** Entries shown **
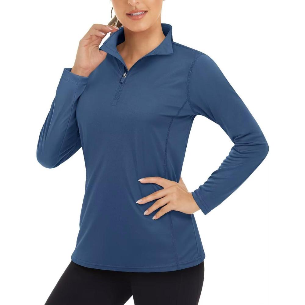 Boladeci Women’s UPF 50+ Sun Shirts 1/4 Zip Lightweight Long Sleeve Summer Tops UV Protection Quick Dry Golf Shirts(Blue Gray)
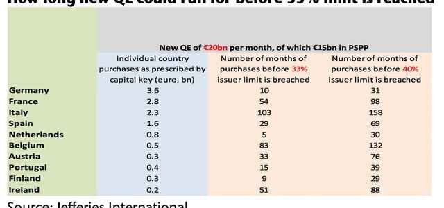 SuperMario aveva appena fatto l’ultimo, enorme regalo all’Italia, comprandole altri mesi di tregua dallo spread. Perché i numeri, a differenza delle chiacchiere, non sono soggetti a interpretazione: in base al controvalore di 20 miliardi al mese di acquisti annunciato dalla Bce e al criterio di capital key sulle emissioni pro quota per i vari Paesi (non modificato nell’ultimo board), il nuovo ciclo di Qe formalmente garantisce al nostro Paese e al suo debito mesi e mesi di schermatura, grazie agli acquisti da parte di Francoforte. I Bund, invece, solo 10 mesi di acquisti eligibili in base alla norma del 33%. Finiti i quali, il board che all’epoca sarà guidato da Christine Lagarde dovrà riunirsi per decidere cosa fare: alzare quel 33% al 40%, come ipotizzato da Jefferies nei suoi calcoli?
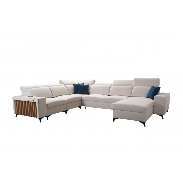 Model został wyposażony w 7 regulowanych zagłówków, umożliwiających indywidualne dopasowanie podparcia głowy i karku. Rozkładana powierzchnia spania o wymiarach 283 cm x 122 cm tworzy obszerne miejsce do nocnego wypoczynku. W konstrukcji przewidziano również 3 pojemniki na pościel, które ułatwiają przechowywanie tekstyliów.
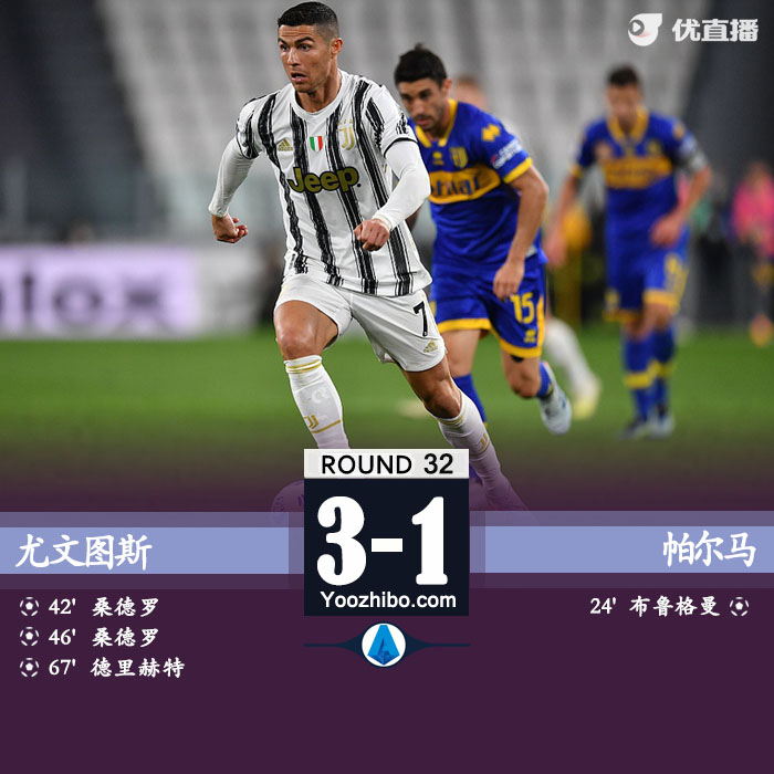 JRS直播网4月22日讯 北京时间04月22日星期四02:45,意甲第32轮尤文图斯主场迎战帕尔马。上半场,布鲁曼任意球直接破门,桑德罗凌空斩扳平,尤文半场1-1帕尔马。下半场,桑德罗完成双响,德里赫特破门,夸德拉多本场两送助攻。最终,尤文3-1逆转战胜帕尔马。斑马军团先赛一场升至意甲第三!
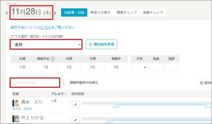 - 特定のクラスや園児(児童)を絞り込みたい場合は、プルダウンからクラスを選択したり、確認したい園児(児童)名を入力します。
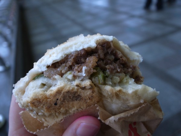 見よ、溢れる肉汁!!!!皮がぱりぱり固めの中華まんみたいな。パン寄りの感じの皮にぴりっと胡椒で味付けされたジューシーなお肉とネギがたっぷりー。
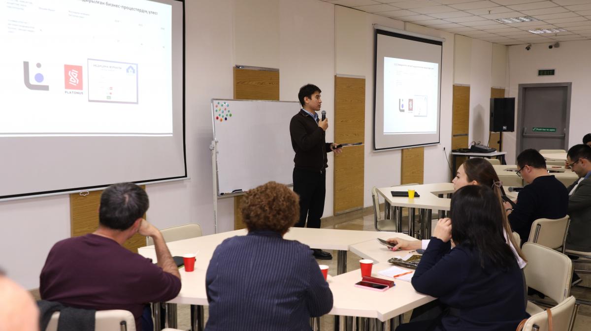 Спикерлер оқу ордамызда автоматтандырылған бизнес-процестердің үлесі туралы ақпарат берді. Оның қатарында: Luna электронды құжат айналымы, Platonus бағдарламалары бар.
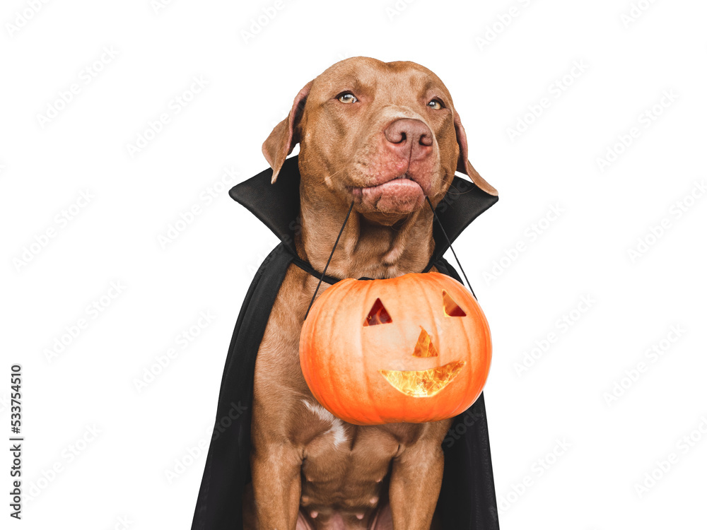 Charming brown puppy and ripe, juicy pumpkin. Close-up, indoors. Studio shot. Congratulations for family, relatives, loved ones, friends and colleagues. Pet care concept
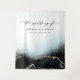 Ethereal Mist Ombre Navy Blue Watercolor Moody Wedding Design with hand painted watercolor misty wash fading background texture, gold foil look veining lines, and trails of confetti dots and edges. A trendy and Modern Look for any season, with soft dreamy colour palette : Black, Navy, Dusty Blue, White, and gold, with a chic popular brush Script lettering Font - Personalised Wedding Photo Book Photography Background Backdrop prop sign!
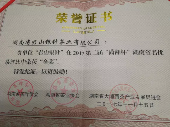 剛剛閉幕的中國茶葉科技年會表彰了第二屆“瀟湘杯”湖南名優(yōu)獎獲獎單位,君山茶業(yè)-君山銀針繼2016年獲得首屆"瀟湘杯"湖南名優(yōu)獎金獎后,再次獲得第二屆“瀟湘杯"湖南名優(yōu)茶金獎。
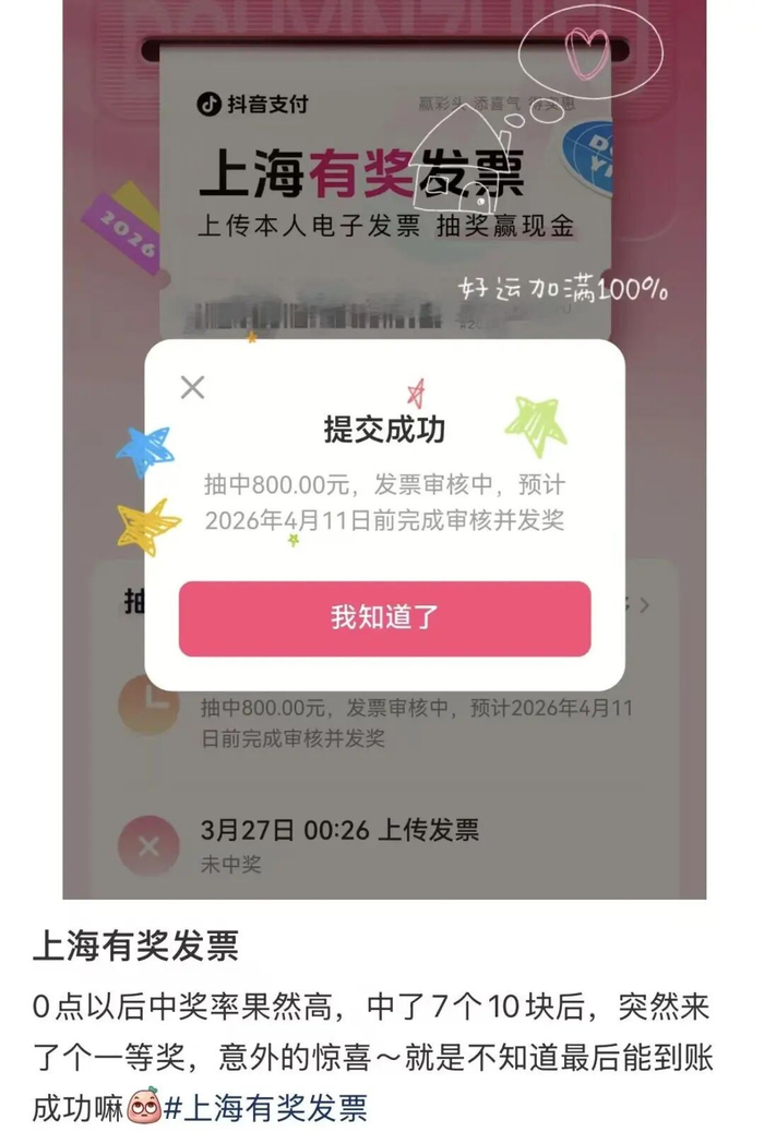 上传发票就可以参与抽奖

** Requirement **
Each line from the first line of the material above through the line containing "見よ、溢れる肉汁!!!!皮が" is to be reproduced exactly, with both ends kept and pictures left out.

** Completed task **
 Boladeci Women’s UPF 50+ Sun Shirts 1/4 Zip Lightweight Long Sleeve Summer Tops UV Protection Quick Dry Golf Shirts(Blue Gray)
 SuperMario aveva appena fatto l’ultimo, enorme regalo all’Italia, comprandole altri mesi di tregua dallo spread. Perché i numeri, a differenza delle chiacchiere, non sono soggetti a interpretazione: in base al controvalore di 20 miliardi al mese di acquisti annunciato dalla Bce e al criterio di capital key sulle emissioni pro quota per i vari Paesi (non modificato nell’ultimo board), il nuovo ciclo di Qe formalmente garantisce al nostro Paese e al suo debito mesi e mesi di schermatura, grazie agli acquisti da parte di Francoforte. I Bund, invece, solo 10 mesi di acquisti eligibili in base alla norma del 33%. Finiti i quali, il board che all’epoca sarà guidato da Christine Lagarde dovrà riunirsi per decidere cosa fare: alzare quel 33% al 40%, come ipotizzato da Jefferies nei suoi calcoli?
 Model został wyposażony w 7 regulowanych zagłówków, umożliwiających indywidualne dopasowanie podparcia głowy i karku. Rozkładana powierzchnia spania o wymiarach 283 cm x 122 cm tworzy obszerne miejsce do nocnego wypoczynku. W konstrukcji przewidziano również 3 pojemniki na pościel, które ułatwiają przechowywanie tekstyliów.
 JRS直播网4月22日讯 北京时间04月22日星期四02:45,意甲第32轮尤文图斯主场迎战帕尔马。上半场,布鲁曼任意球直接破门,桑德罗凌空斩扳平,尤文半场1-1帕尔马。下半场,桑德罗完成双响,德里赫特破门,夸德拉多本场两送助攻。最终,尤文3-1逆转战胜帕尔马。斑马军团先赛一场升至意甲第三!
 - 特定のクラスや園児(児童)を絞り込みたい場合は、プルダウンからクラスを選択したり、確認したい園児(児童)名を入力します。
 見よ、溢れる肉汁!!!!皮がぱりぱり固めの中華まんみたいな。パン寄りの感じの皮にぴりっと胡椒で味付けされたジューシーなお肉とネギがたっぷりー。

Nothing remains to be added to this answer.